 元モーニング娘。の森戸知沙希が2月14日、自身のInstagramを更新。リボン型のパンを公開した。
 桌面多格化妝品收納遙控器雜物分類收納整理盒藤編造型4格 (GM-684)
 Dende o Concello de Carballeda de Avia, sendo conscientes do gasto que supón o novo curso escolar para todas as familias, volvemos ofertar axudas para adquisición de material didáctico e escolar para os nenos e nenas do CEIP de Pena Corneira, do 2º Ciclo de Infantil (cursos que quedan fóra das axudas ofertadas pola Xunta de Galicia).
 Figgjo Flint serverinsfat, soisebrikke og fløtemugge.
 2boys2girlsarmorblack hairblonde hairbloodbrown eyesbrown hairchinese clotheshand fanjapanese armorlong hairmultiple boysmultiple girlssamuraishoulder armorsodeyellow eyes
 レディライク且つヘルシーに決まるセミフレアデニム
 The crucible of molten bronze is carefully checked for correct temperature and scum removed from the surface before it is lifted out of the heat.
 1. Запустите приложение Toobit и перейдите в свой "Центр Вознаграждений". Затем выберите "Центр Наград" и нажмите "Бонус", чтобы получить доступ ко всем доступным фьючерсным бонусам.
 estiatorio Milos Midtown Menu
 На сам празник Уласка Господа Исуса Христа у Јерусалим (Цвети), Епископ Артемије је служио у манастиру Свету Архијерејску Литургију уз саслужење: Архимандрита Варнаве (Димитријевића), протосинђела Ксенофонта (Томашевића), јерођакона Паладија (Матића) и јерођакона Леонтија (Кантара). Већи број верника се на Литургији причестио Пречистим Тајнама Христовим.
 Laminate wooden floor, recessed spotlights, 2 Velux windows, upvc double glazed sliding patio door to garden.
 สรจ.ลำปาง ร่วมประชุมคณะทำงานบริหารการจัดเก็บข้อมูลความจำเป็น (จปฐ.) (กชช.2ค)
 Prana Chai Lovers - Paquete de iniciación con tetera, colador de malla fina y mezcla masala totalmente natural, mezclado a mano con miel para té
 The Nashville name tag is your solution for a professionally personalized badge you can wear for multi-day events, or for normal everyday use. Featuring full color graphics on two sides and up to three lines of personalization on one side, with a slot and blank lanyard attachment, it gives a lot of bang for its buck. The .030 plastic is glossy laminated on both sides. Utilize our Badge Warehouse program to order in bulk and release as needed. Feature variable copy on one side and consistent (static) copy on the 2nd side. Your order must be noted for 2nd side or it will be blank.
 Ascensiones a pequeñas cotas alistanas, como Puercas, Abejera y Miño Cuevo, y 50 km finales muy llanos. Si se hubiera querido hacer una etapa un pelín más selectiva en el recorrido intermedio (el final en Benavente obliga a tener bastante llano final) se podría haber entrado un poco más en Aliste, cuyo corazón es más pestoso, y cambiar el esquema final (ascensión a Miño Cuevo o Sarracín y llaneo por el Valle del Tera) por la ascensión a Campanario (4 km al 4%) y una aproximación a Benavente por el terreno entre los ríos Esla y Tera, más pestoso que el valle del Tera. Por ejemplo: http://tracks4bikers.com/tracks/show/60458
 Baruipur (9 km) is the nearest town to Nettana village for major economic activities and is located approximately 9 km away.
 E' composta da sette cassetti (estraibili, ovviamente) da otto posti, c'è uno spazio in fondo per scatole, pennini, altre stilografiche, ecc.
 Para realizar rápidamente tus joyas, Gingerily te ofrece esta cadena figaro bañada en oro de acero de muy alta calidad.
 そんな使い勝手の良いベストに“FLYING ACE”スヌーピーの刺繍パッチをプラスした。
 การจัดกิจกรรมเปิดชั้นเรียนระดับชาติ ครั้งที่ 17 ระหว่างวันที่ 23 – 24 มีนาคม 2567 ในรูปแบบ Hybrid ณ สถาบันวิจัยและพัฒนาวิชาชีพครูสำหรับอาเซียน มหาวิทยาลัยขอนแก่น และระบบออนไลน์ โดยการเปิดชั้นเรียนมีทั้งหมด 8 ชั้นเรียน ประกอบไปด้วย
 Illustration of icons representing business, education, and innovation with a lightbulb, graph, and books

....

**Exercise aim:**
Please give the number of lines above that contain the string "with", and nothing more.

**Finished task:**
2